# Task item
Leave the pictures out and reproduce, exactly, the lines from the one with "Younger Americans are" through the end of the entries below.

BEGIN Data shown

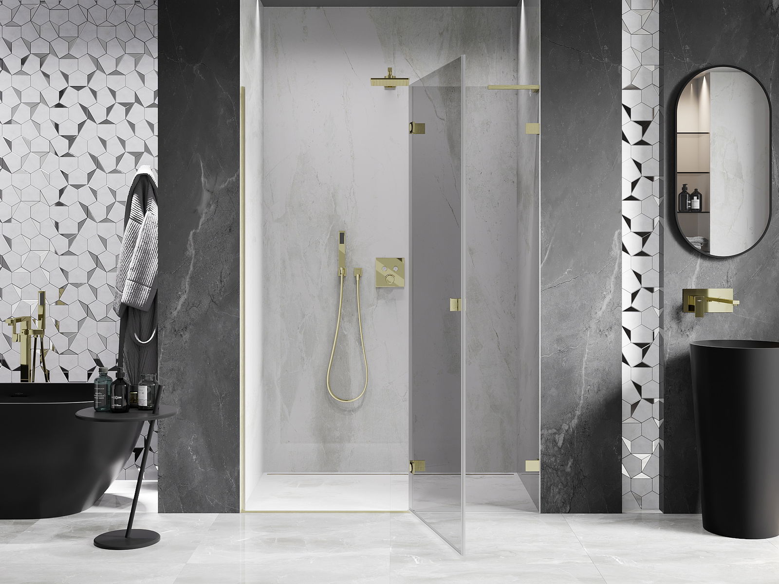 Mexen Lunar L sprchové dvere výklopné pravé 130 cm, priehľadné, zlaté brúsené - 834L-130-000-55-00-P
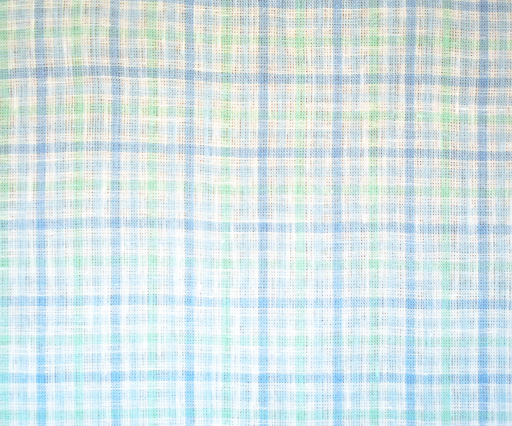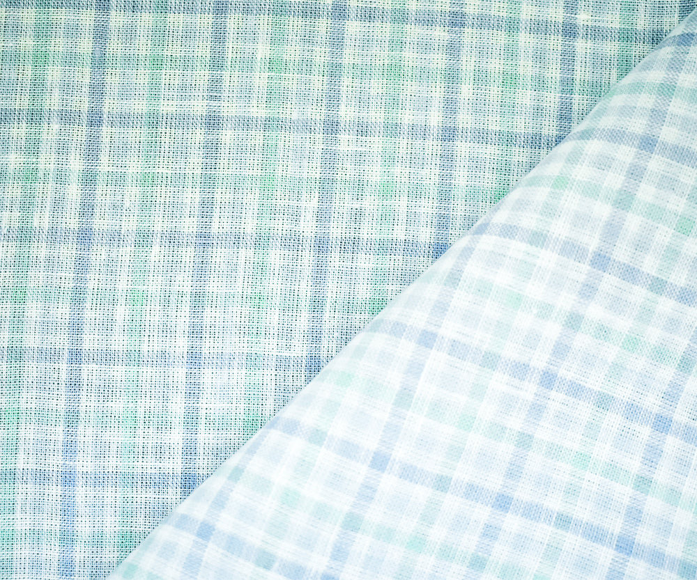 Green-Blue-White Spence Bryson Gingham Check Linen Woven Fabric
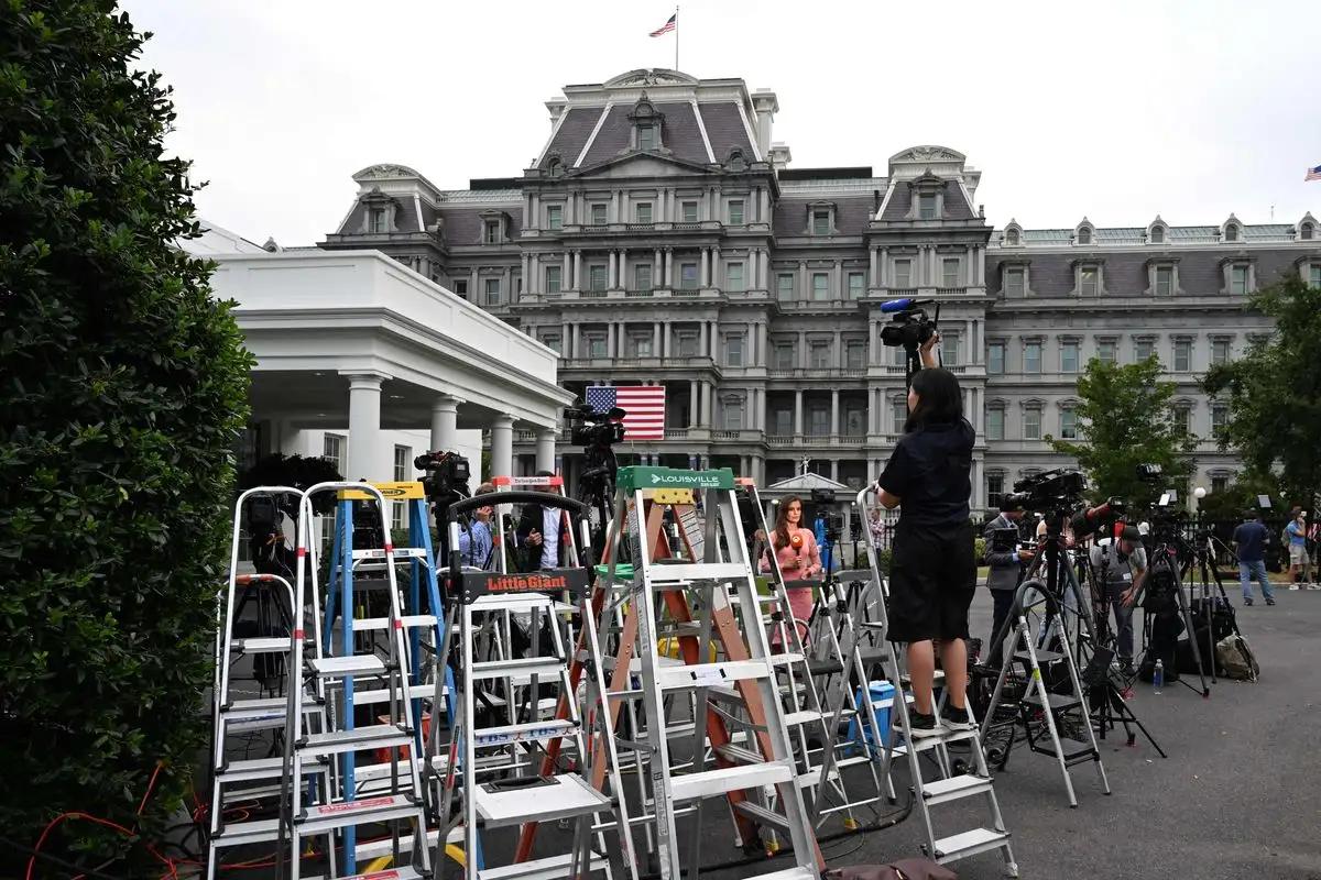 Washington. Trabajadores de los medios de comunicación se encuentran cerca de escaleras instaladas a la espera de la llegada del presidente de Ucrania, Volodymir Zelensky, frente al Ala Oeste de la Casa Blanca en la capital estadunidense. Los líderes europeos se unirán al presidente ucranio en conversaciones con el presidente de EU, Donald Trump, en un intento por encontrar la manera de poner fin a la ofensiva rusa. Los mencionados líderes se autodenominan la “coalición de los dispuestos”. Además de Von der Leyen y Macron, entre ellos se encuentran el primer ministro británico, Keir Starmer, el canciller alemán, Friedrich Merz, y el secretario general de la OTAN, Mark Rutte. También viajaron a Washington la primera ministra italiana, Giorgia Meloni, y el presidente finlandés, Alexander Stubb, quienes mantienen una buena relación con Trump. Foto Afp / Alex Wroblewski
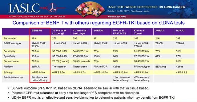 ![]() 王洁 教授 医学科学院肿瘤医院肿瘤内科 主任医师,教授,博士生导师 国家杰出青年基金获得者 中国抗癌协会肺癌专业委员会常委 北京医学会肿瘤分会副主任委员 中华结核与呼吸杂志、中国肺癌杂志Lung Cancer、Clin. Lung Cancer编委 国家百千万人才工程入选者、获中国突出贡献中青年专家称号 国务院政府特殊津贴获得者 2017年WCLC会议第三天的口头汇报,再次传来中国声音。王洁教授团队的 BENEFIT研究为液体活检领域再添新桂。 众所周知,晚期NSCLC已经进入分子分型基础上的个体化治疗新时代。精准的分子分型需要合格的肿瘤组织标本进行检测,然而在临床实践中,部分患者,组织标本不足或难以获得。既往已有很多研究证实血浆ctDNA的EGFR突变检测和组织标本检测结果具有很好的一致性,并已作为一代EGFR TKI的伴随诊断获批。但既往研究均基于回顾性数据,或前瞻性研究的探索性回顾分析。 BENEFIT研究是目前第一项前瞻性的临床研究,进一步明确了ctDNA EGFR突变指导的一线吉非替尼疗效,同时探索EGFR突变等分子标志物的动态变化意义。 ![]() 研究的结果显示,ddPCR检测的ctDNA EGFR突变指导的一线吉非替尼治疗的客观有效率为72.1%,治疗8周的疾病控制率为92.3%,中位PFS为9.5个月。该结果与既往IPASS(PFS9.5个月)、 WJTOG 3405 (PFS 9.2个月)等组织EGFR突变基础上的一线EGFR-TKI治疗研究基本一致。 ![]() 外周血分子标志物的动态监测发现,在治疗的第8周,EGFR突变的检出率与治疗的疗效显著相关,即第8周时EGFR敏感性突变未检出的患者PFS较突变持续阳性的患者显著延长(11m vs 2.1m, HR=7.28, p<0.0001)。该研究同时动态监测了EGFR-TKI耐药基因T790M突变的变化,结果提示T790M突变的中位出现时间为7.6个月(95% CI 6·0,10·0),而从T790M突变出现到疾病进展的中位时间为2个月(95% CI 2·0,4·9),与既往FASTACT2等的研究结果一致,即分子进展可能出现在肿瘤的影像学进展之前,从而提示分子进展或可为三代EGFR-TKI介入的最佳时机,但这一推断仍需临床研究进一步证实,正在进行的 APPLE研究将有助于明确这个问题。 ![]() BENEFIT研究同时利用NGS技术分析了基线外周血中多基因的变异。结果提示在180例的患者中,34例(18.9%)携带有除了EGFR突变之外的驱动基因变异(如MET, ERBB2, KRAS, BRAF, RET or ROS1) 和/或抑癌基因的变异(TP53, RB1, and PTEN)。研究将这部分患者分为三组:第1组患者仅携带EGFR敏感性突变,第2组同时具有敏感性EGFR突变和TP53突变,第3组除EGFR敏感性突变还携带其他驱动基因变异(如MET, ERBB2, KRAS, BRAF, RET or ROS1) 和/或抑癌基因的变异(TP53, RB1, and PTEN)。结果提示仅携带EGFR敏感性突变的患者疗效最佳,各组相应的PFS分别为13·0 个月,、9·2 个月以及5.4 个月(HR 3·28; 95% CI 2·06–5·03, p<0·0001)。 ![]() Hye Ryun Kim教授对该研究进行了点评,并对研究设计、研究结果及其意义进行了肯定。Kim教授认为该研究设计严谨,以对比组织检测为基础,肯定了 BENEFIT血液结果与组织的一致性,以及检测的敏感性、特异性、疗效及生存预测的可靠性。她认为该研究第一次前瞻性证实了外周血ctDNA检测EGFR突变预测一代EGFR-TKI疗效的可行性,为外周血检测EGFR突变指导一线EGFR-TKI治疗提供了更高级别的循证医学证据。同时,也提出了针对进一步分子检测的三个建议,即T790M突变的血浆检测平台的进一步探索;NGS在吉非替尼治疗疾病进展时留取血液或组织标本进行多基因分析;以及利用ddPCR对EGFR敏感性突变和T790M突变的动态变化进行定量分析。相信针对Kim教授的这些问题,我们都可以在BENEFIT研究即将出炉的分子标志物动态监测分析中找到答案。 ![]() ![]() ![]() |
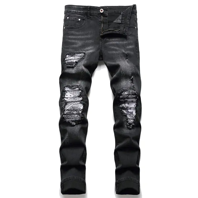 Reiten Sie auf der Welle des Stils mit Herrenjeans mit Paisley-Bandana-Print-Patch. Setzen Sie ein Statement mit einzigartigem Patchwork-Design
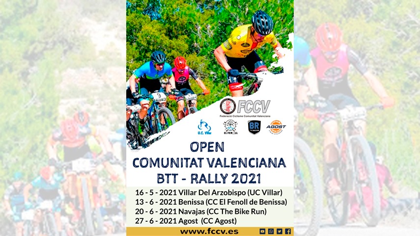 El Open BTT XCO de la Comunitat constará este año 2021 de cuatro pruebas puntuables. La competición se inicia el 16 de mayo en Villar del Arzobispo (Valencia) y finalizará el 27 de junio en Agost.
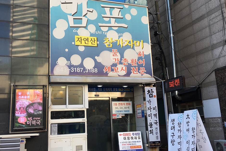부산 범일동에 있는 감포참가자미는 자연산 활어 전문점이다. 인근 범일역, 좌천역이 있어 접근성이 좋다. 1층, 2층으로 운영하는 감포참가자미는 각종 행사, 피로연을 할 수 있는 30, 50, 80석의 단체석이 완비되어 있다. 100% 자연산 어종인 참가자미는 수심 깊은 곳에 서식하여 비브리오균이나 세균의 영향을 받지 않는다. 꼬들꼬들한 식감과 고소한 맛이 있는 참가자미는 흰살생선으로 소화 흡수력이 좋다. 자연산 활어 전문점인 감포참가자미는 새콤달콤 시원한 물회 맛집으로도 알려져 있다. 싱싱한 회와 각종 채소, 밥, 면이 나와 푸짐하게 먹을 수 있다.
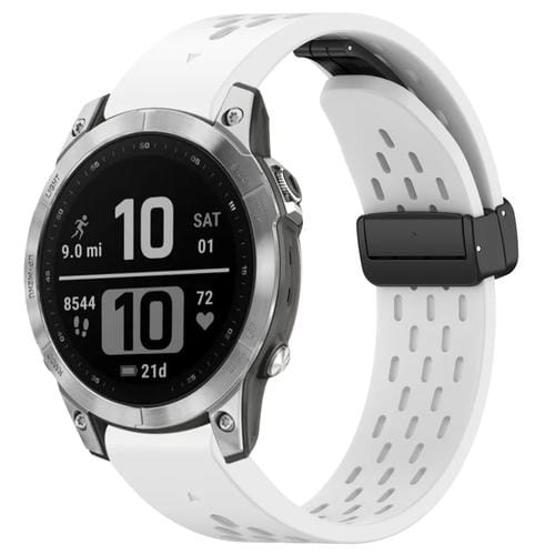Correa de Silicona para Garmin Fenix 7 y Fenix 7 Pro con Hebilla Plegable Magnética y Orificios de 22mm (Blanco)
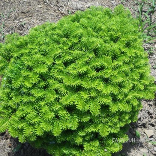 Пихта корейская Тундра - карликовая форма пихты корейской. Карликовый кустарник с симметричной густой подушковидной кроной, до 40 см в высоту и до 60 см в диаметре. Растет очень медленно, почти не нуждается в обрезке – форма сохраняется долго. Хвоя короткая, мягкая, блестящая, насыщенного зеленого цвета, с нижней стороны серебристая. Молодые приросты ярко-зеленого цвета. Не меняет окрас хвои в зимний период.
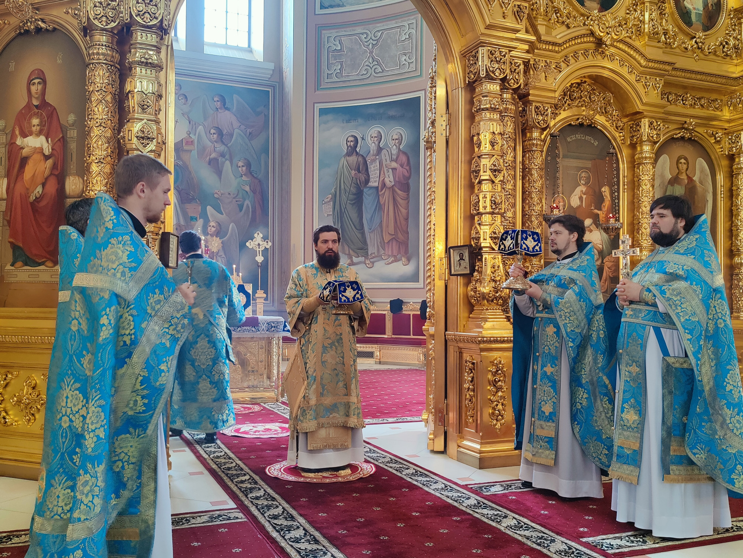 Его Преосвященству сослужили: настоятель собора иерей Леонтий Дмитриев и клирики собора. Диаконский чин возглавил диакон Николай Лысиков.
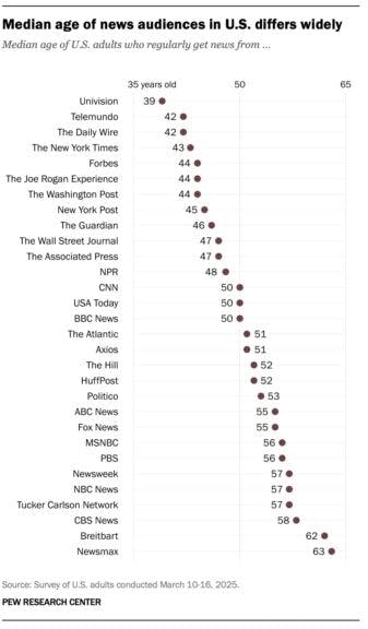 Younger Americans are also tuning out of cable and legacy networks, and turning toward digital-first platforms and independent thinkers. CNN lands at 50, well above the national adult median age of 47. CBS, NBC, and ABC all bring in folks in their late 50s.
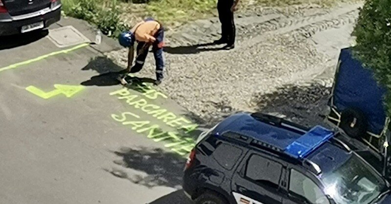 Aceștia au început să devină, ilegal, stăpâni pe mai multe străzi din cartier, dar și pe anumite locuri adiacente, pe care le-au transformat în așa zise „parcări de șantier”. Ei bine, figura nu a ținut mult, asta datorită unui echipaj de Poliție Locală Șelimbăr. Sosiți la fața locului și constatând faptul că marcajul de pe trotuar era ilegal, aceștia i-au pus pe muncitori să-l șteargă. Conform filmării, randamentul intrării în legalitate era extrem de scăzut, necesitând forță fizică epuizantă, afirmație dedusă din imaginea aruncării pe jos a unei căști de protecție, în semn de supraîncălzire fizică.
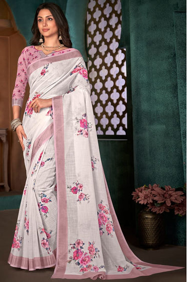 Off White Color Casual Wear Cotton Linen Fabric Awesome Digital Printed Saree
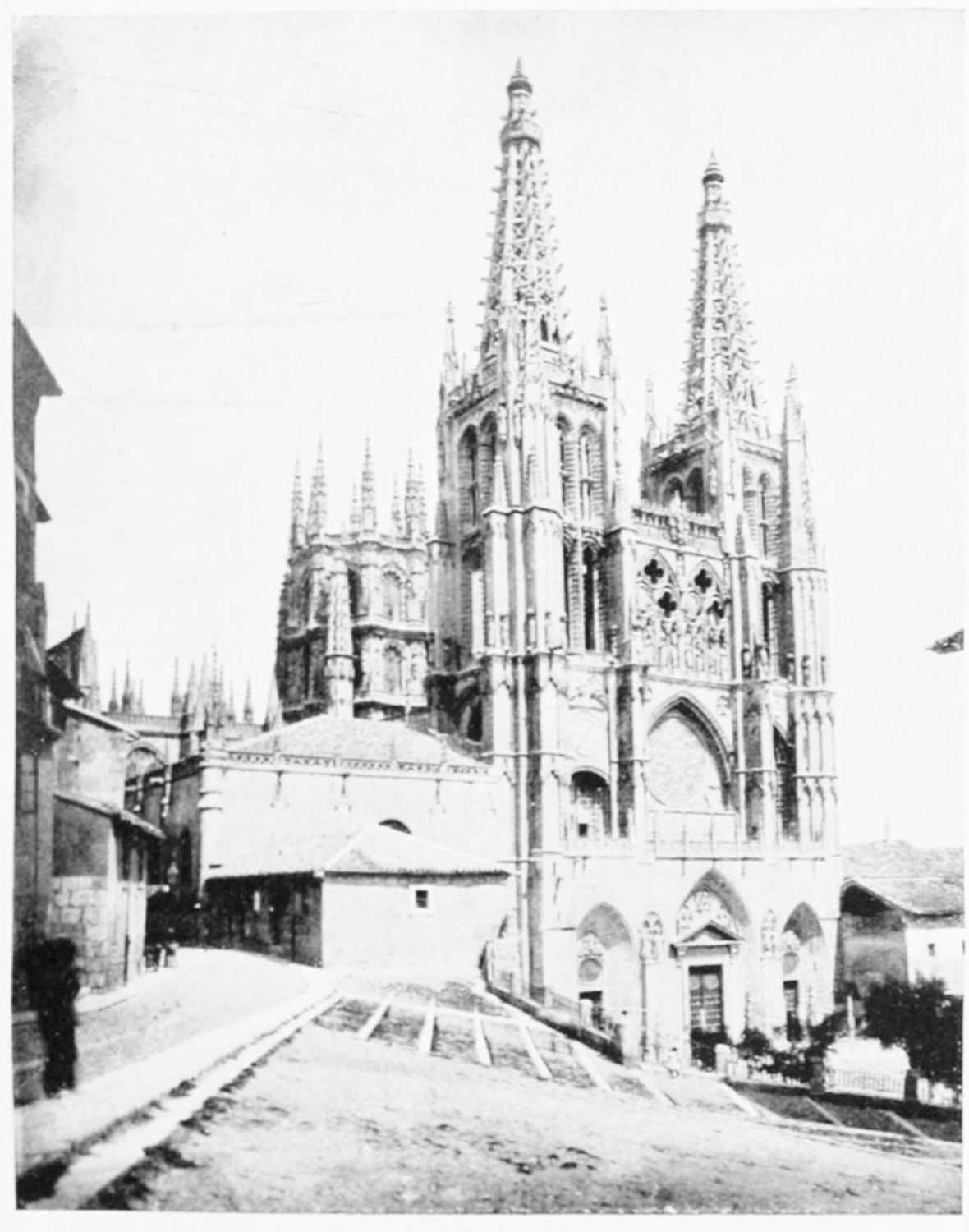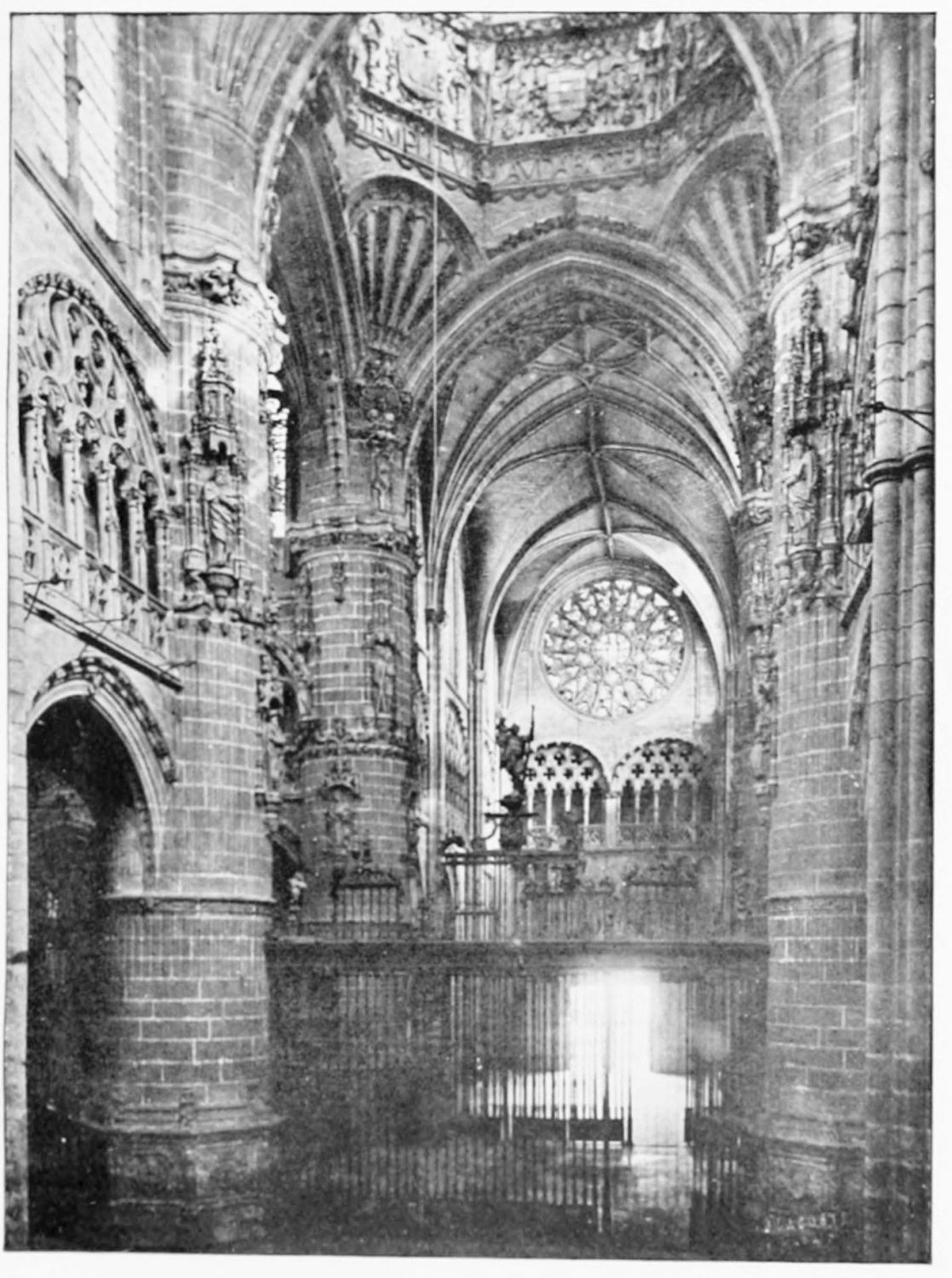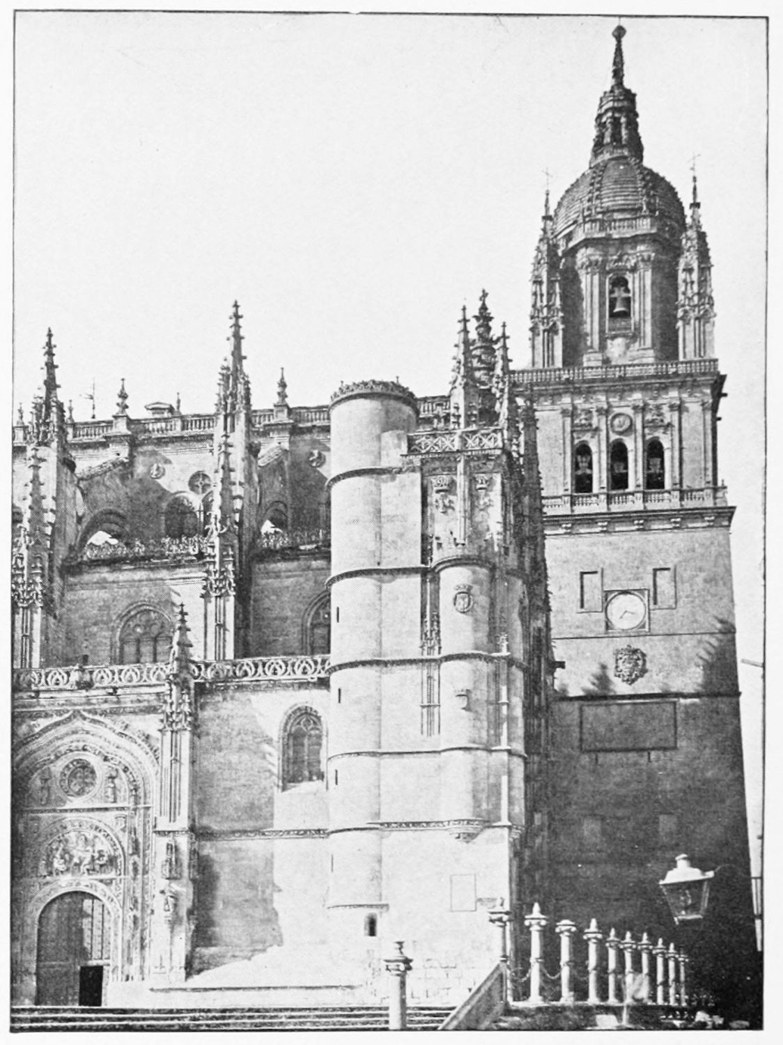 The eastern end, or chevet, projects beyond the city wall, which forms the eastern boundary of the adjacent cloister. The transept, if that term may be applied to the whole space between the Capilla Mayor and Coro, is of unusual breadth, and may be said to include a nave, two aisles to the east and{17} one to the west. North and south it projects but slightly beyond the nave. The west front is flanked by two steeples, which stand on each side of, and do not terminate, the aisles. They are heavier than the rest of the structure, and of different heights and ages. Ugly, too, is the empty space left between their side walls and those of the clerestory over the main entrance. The northern steeple is the older, lower, and simpler; it is surmounted by a spire with a vane. The other tower is more ornate, and contains the belfry. Its traceries are in a debased Gothic style.

END Data shown

# Output of the task
 Younger Americans are also tuning out of cable and legacy networks, and turning toward digital-first platforms and independent thinkers. CNN lands at 50, well above the national adult median age of 47. CBS, NBC, and ABC all bring in folks in their late 50s.
 Aceștia au început să devină, ilegal, stăpâni pe mai multe străzi din cartier, dar și pe anumite locuri adiacente, pe care le-au transformat în așa zise „parcări de șantier”. Ei bine, figura nu a ținut mult, asta datorită unui echipaj de Poliție Locală Șelimbăr. Sosiți la fața locului și constatând faptul că marcajul de pe trotuar era ilegal, aceștia i-au pus pe muncitori să-l șteargă. Conform filmării, randamentul intrării în legalitate era extrem de scăzut, necesitând forță fizică epuizantă, afirmație dedusă din imaginea aruncării pe jos a unei căști de protecție, în semn de supraîncălzire fizică.
 Off White Color Casual Wear Cotton Linen Fabric Awesome Digital Printed Saree
 The eastern end, or chevet, projects beyond the city wall, which forms the eastern boundary of the adjacent cloister. The transept, if that term may be applied to the whole space between the Capilla Mayor and Coro, is of unusual breadth, and may be said to include a nave, two aisles to the east and{17} one to the west. North and south it projects but slightly beyond the nave. The west front is flanked by two steeples, which stand on each side of, and do not terminate, the aisles. They are heavier than the rest of the structure, and of different heights and ages. Ugly, too, is the empty space left between their side walls and those of the clerestory over the main entrance. The northern steeple is the older, lower, and simpler; it is surmounted by a spire with a vane. The other tower is more ornate, and contains the belfry. Its traceries are in a debased Gothic style.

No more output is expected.